In the dynamical systems approach, it has been shown that even systems composed of a few variables may display very complex patterns of temporal changes (Shuster, 1984). The temporal trajectory of such a system may be chaotic and unpredictable over longer time periods. Such a dynamic is characteristic of weather patterns modeled in meteorology (Lorenz, 1963) or in hydrodynamics (Ruelle & Takens, 1971). Complexity may also be produced in a spatial pattern Very simple rules of interaction of nearby cells, for example, can reproduce the patterns of pigmentations observed in living organisms or shapes of plants and shells (e.g., Meinhart, 1995; Wolfram, 2002) or in the arrangement of columns in visual cortex (Miller, Keller, & Stryler, 1989). Within psychology, the appearance of complexity from simple rules has been demonstrated in both cognitive (Port & van Gelder, 1995)  and social psychology (Nowak & Vallacher, 1998; Read & Miller, 1998; Vallacher, Read, & Nowak, 2002).
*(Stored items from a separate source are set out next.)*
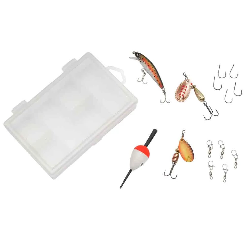 - В комплекте коробка для снастей с 3 приманками, поплавком, крючками и вертлюжками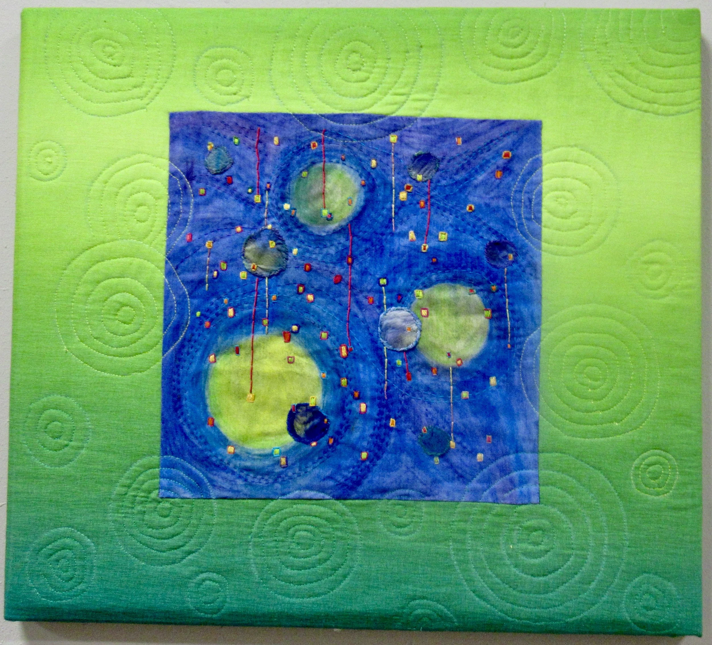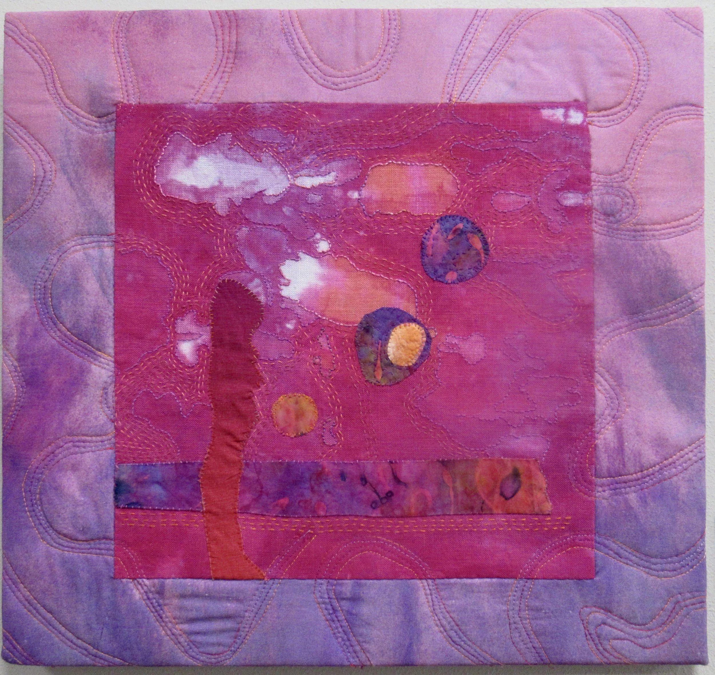 Dyed fabric, hand embroidery, machine quilting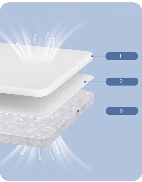 Ten materac w rozmiarze 120x60 cm doskonale dopasowuje się do standardowych łóżeczek dziecięcych. Dzięki swojej oddychającej strukturze 4D, gwarantuje prawidłową wentylację materaca oraz zapobiega nadmiernemu poceniu się dziecka.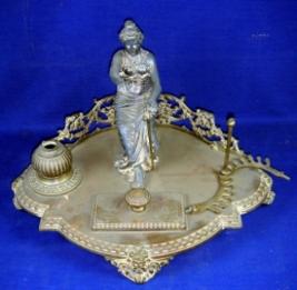| Description / विवरण | Ink stand with footed designed base. At the centre an European lady is seen in seated position holding a sword in her left hand. To her left a small ink pot is seen kept on a circular base. To her front a stamp with a knob and blotting paper at bottom is kept. |
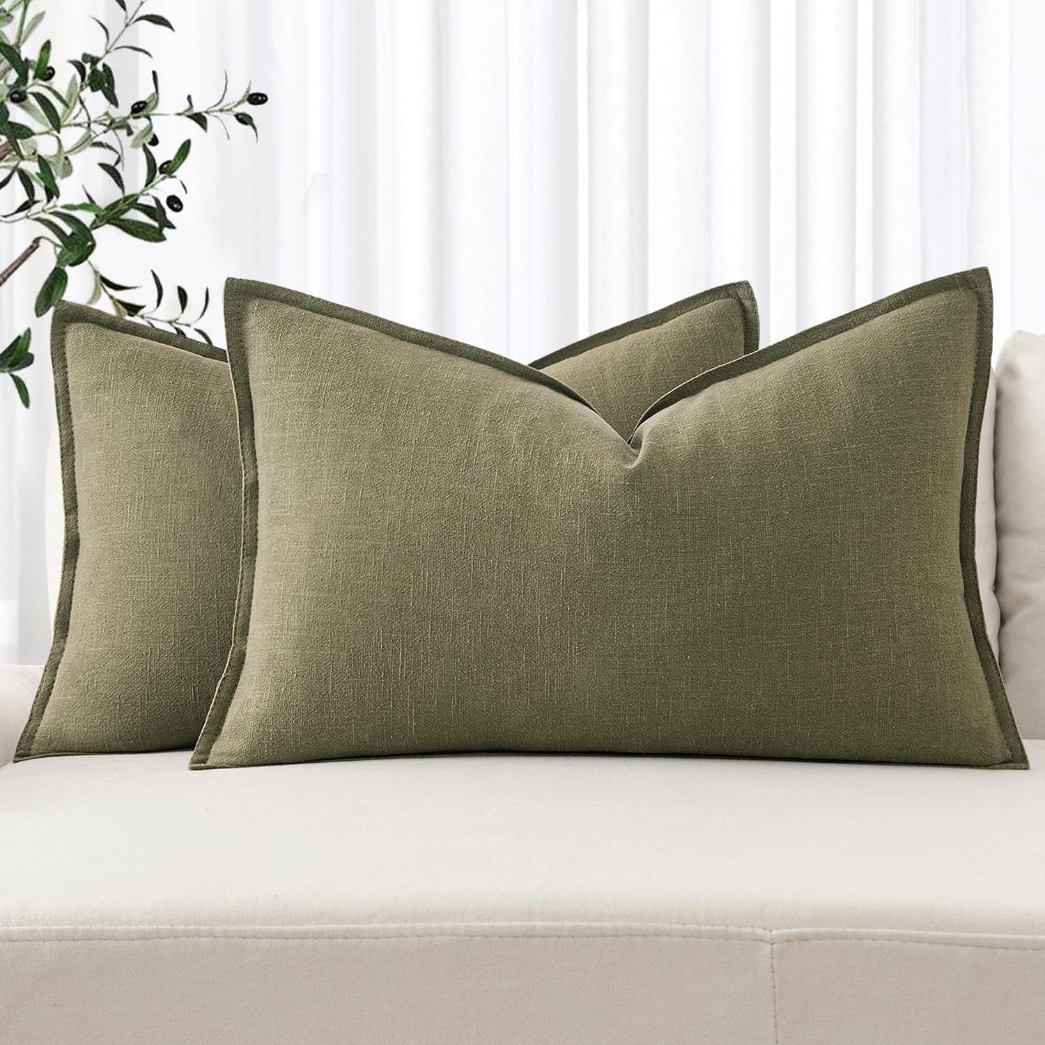 MIULEE Decorative Linen Lumbar Pillow Covers 12x20 Inch Light Olive Green Boho Farmhouse Neutral Couch Throw Pillows for Bed Pack of 2 Accent Modern Pillowcase Summer Sofa Livingroom Home Decor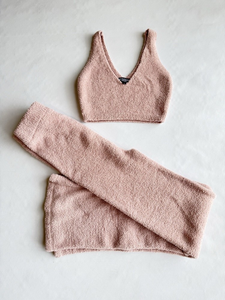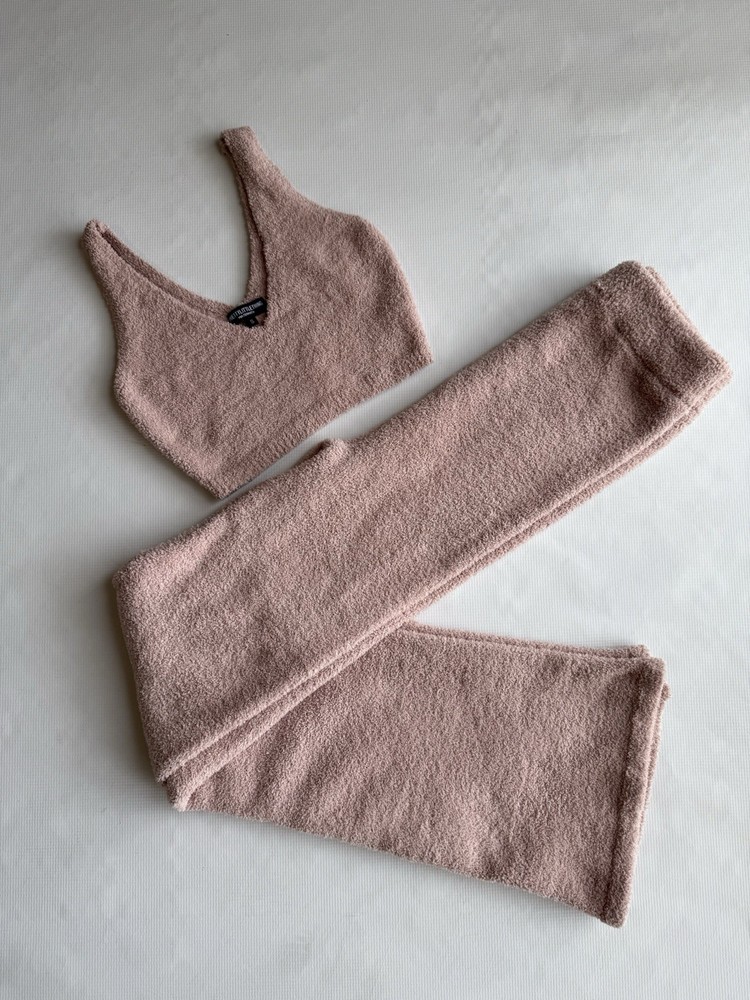 Get ready to rock your maternity style with this new and pretty Pink Set from PrettyLittleThing. This 2-piece outfit includes a stretched cropped top and flared pants in size S. The set is perfect for casual occasions, and the knit fabric type offers comfort and stretch for easy movement during pregnancy. The V-neckline and sleeveless design make it a great option for summer, fall, and spring seasons. The set features an abstract wave pattern in bold and vibrant colors, making it perfect for a vacation or retro-inspired look. The elastic waist and non-iron fabric make it easy to care for and wear. Condition of the item is Pre-Own in good shape! Shipped asap by USPS ground advantage mail.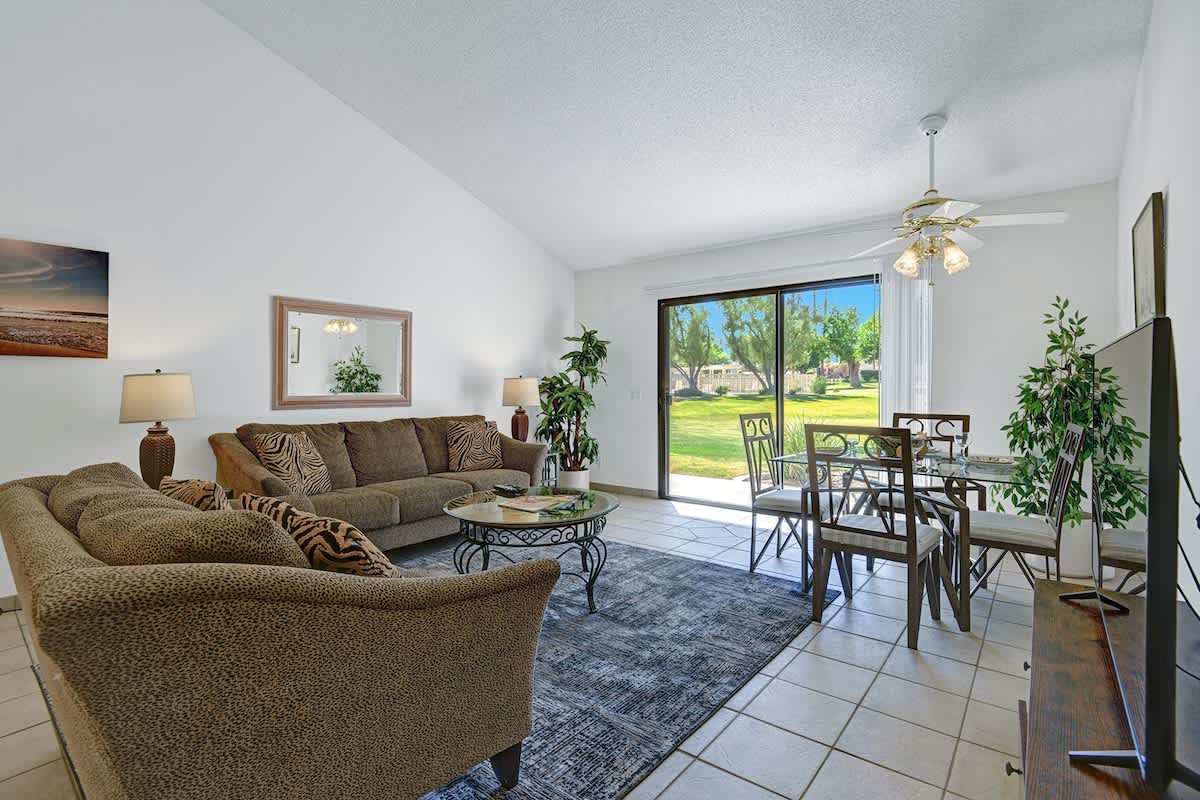 Tradition Model - 1BR/1BA approx. 821 sq. ft. Your private patio is just steps away from a sparkling pool and spa! This nice light and bright condo offers high ceilings, comfortable furnishings, well equipped kitchen and FREE long distance with wi-fi internet access. There are TVs in the living room and bedroom. Easy walking distance to the clubhouse.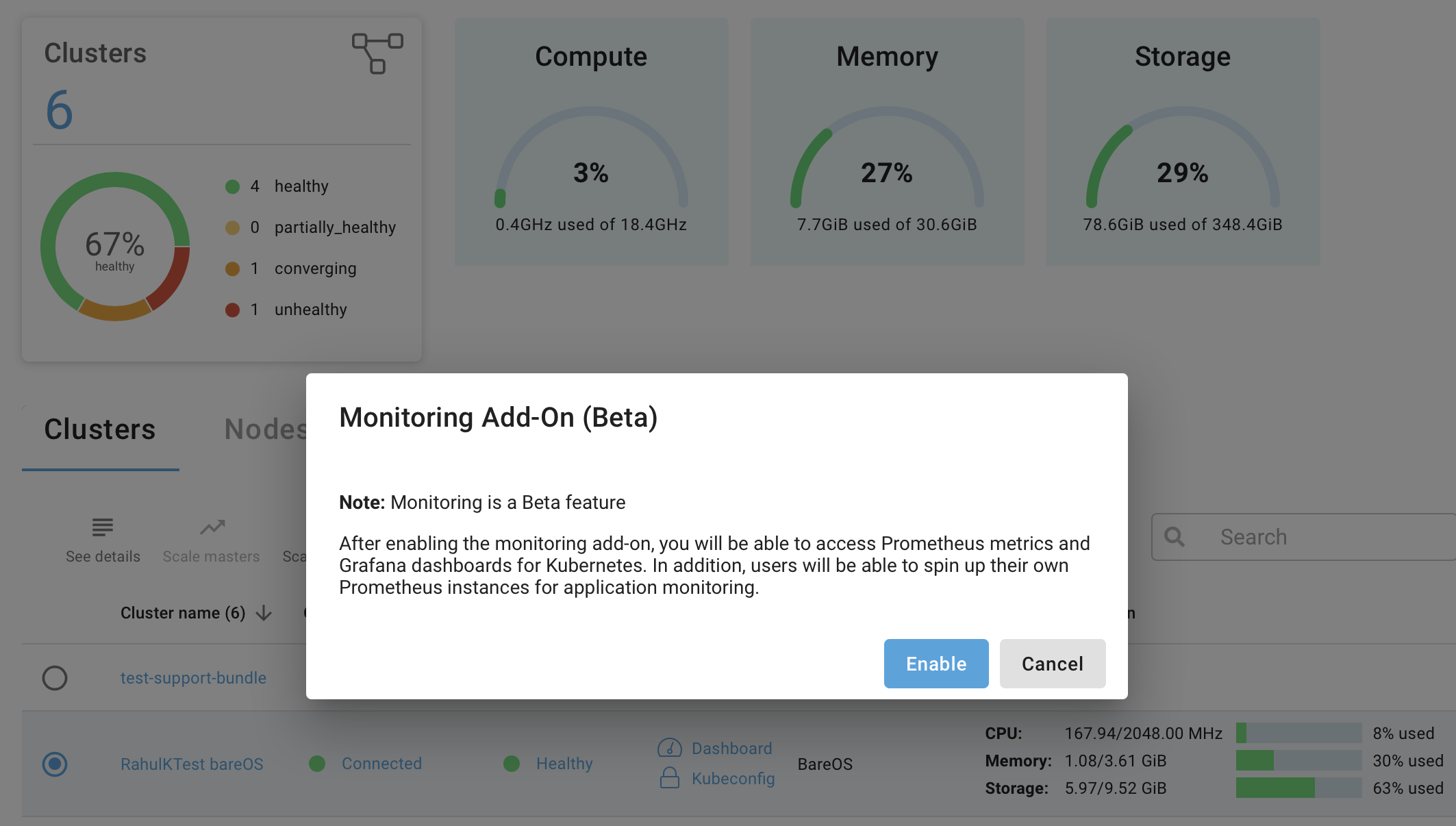 To ensure monitoring is enabled navigate to Infrastructure click the Clusters tab and then select a cluster, this will activate the table toolbar, then click the Monitoring button. In the popup click Enable.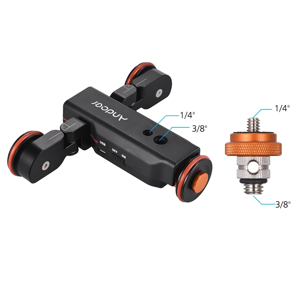 Модернизированный механизированная камера Долли со шкалой индикации, 3 скоростями (2,4 см/2,6 см/2,8 см/с); Поддержка двигаться в противоположном направлении; Колеса угол 180 ° регулируемый, вы можете достичь творческого кругового маршрута/прямого движения. Идеальный Авто Долли для промежутка времени/Макро/низкий угол съемки видео.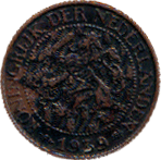 1 цент km#152 1913-22,24-31 Бронза Знак(и) на монете: морской конек; Кадуцей (Утрехт) На аверсе 17 маленьких щитов Знак(и) на других монетах: в 1937-41 гг виноград; Кадуцей (Утрехт) |
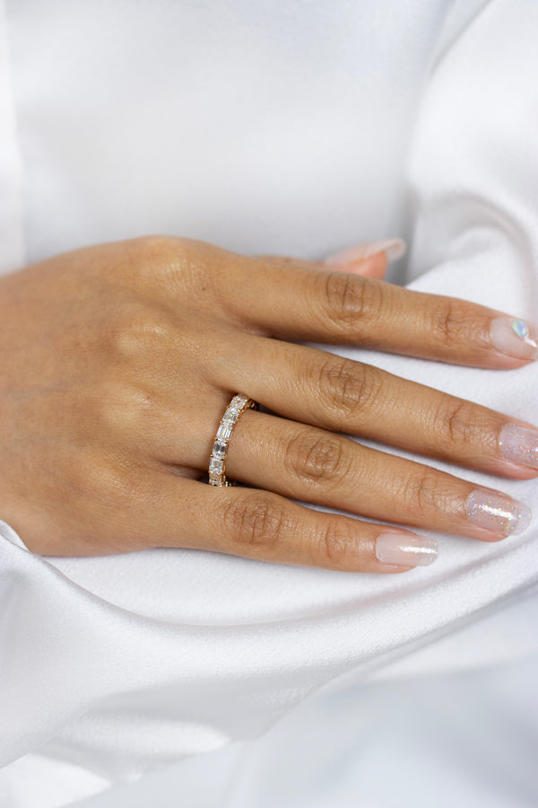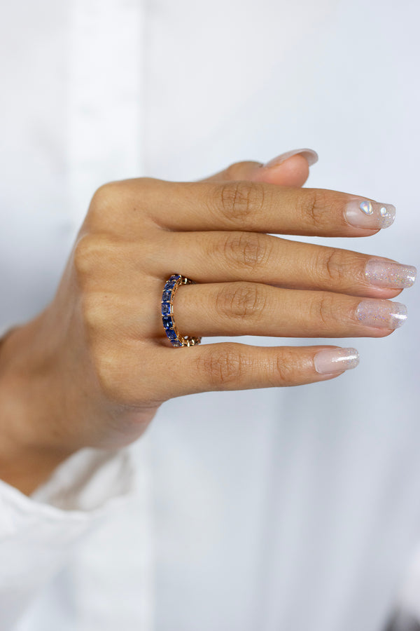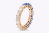 4.27 Carats Total Mixed Cut Half Blue Sapphire & Diamond Eternity Wedding Band in Yellow Gold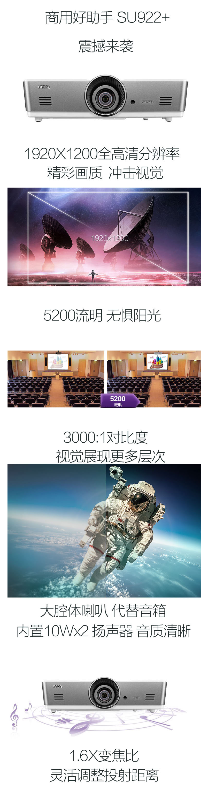 • 商品名称:明基(BenQ)SU922 投影仪 投影机办公(超高清 5200流明 1.6x变焦 左右梯形校正)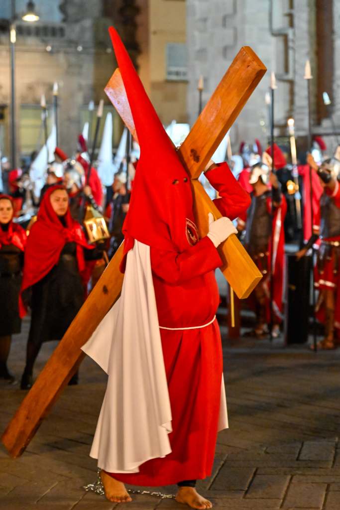Entre el silencio y los tambores cada cofradía se identificó por los colores alusivos a sus templos, los costaleros cargaron las pesadas imágenes, damas, nazarenos, encapuchados y cofrades también se mostraron penitentes.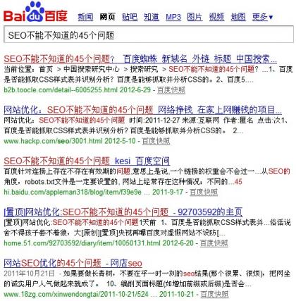 好比,有人将百度站长俱乐部中百度搜索工程师Lee的多个回覆总结成《seo不能不知道的45个问题》一文,转载不竭,这样的转载对于seoER来说,必定比绝年夜年夜都seo博客所谓原创更有价值。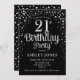 Invitation de fête du 21e anniversaire. Design élégant en noir et faux parties scintillant argent. Comprend des polices de caractères et des confettis stylisés. Message-moi si vous avez besoin d'âge personnalisé.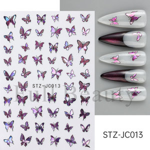 クロスボーダー新しいネイルアートステッカーインファンタジーパープルキャットアイレーザーパープルバタフライバックグルーネイルステッカー卸売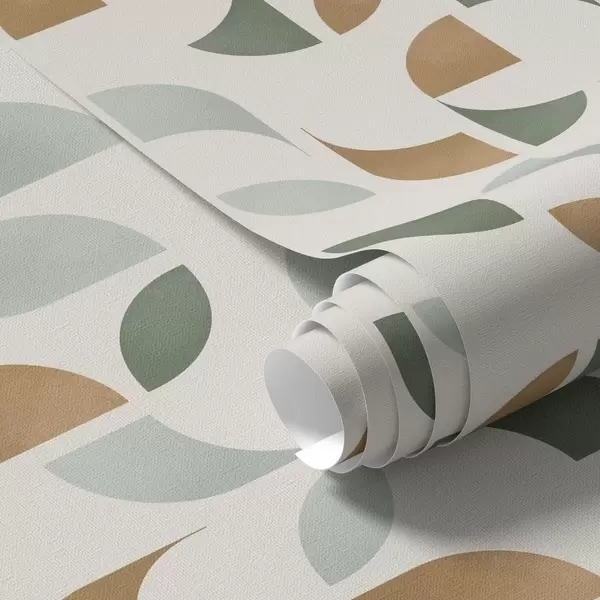 Tapetes Abstrakti pusapļi un lapas zaļā un terakotas krāsā Nr. a00985

The realization that complexity may be the flip side of simplicity, rather than its opposition, has profound consequences for theory construction in the social sciences. If simple rules can produce complex phenomena, then complex processes and structures can be explained by simple models. This provides a way to follow the principle of parsimony without sacrificing the depths of our understanding or trivializing what we are trying to explain. It follows that a simple model can be built that will exhibit the complex properties of a psychological or social phenomenon. Complexity may appear in systems governed by simple rules only if these rules interact with each other or with the environment (Goldstein, 1999; Weisbuch, 1992). The minimalist model thus needs to be dynamic.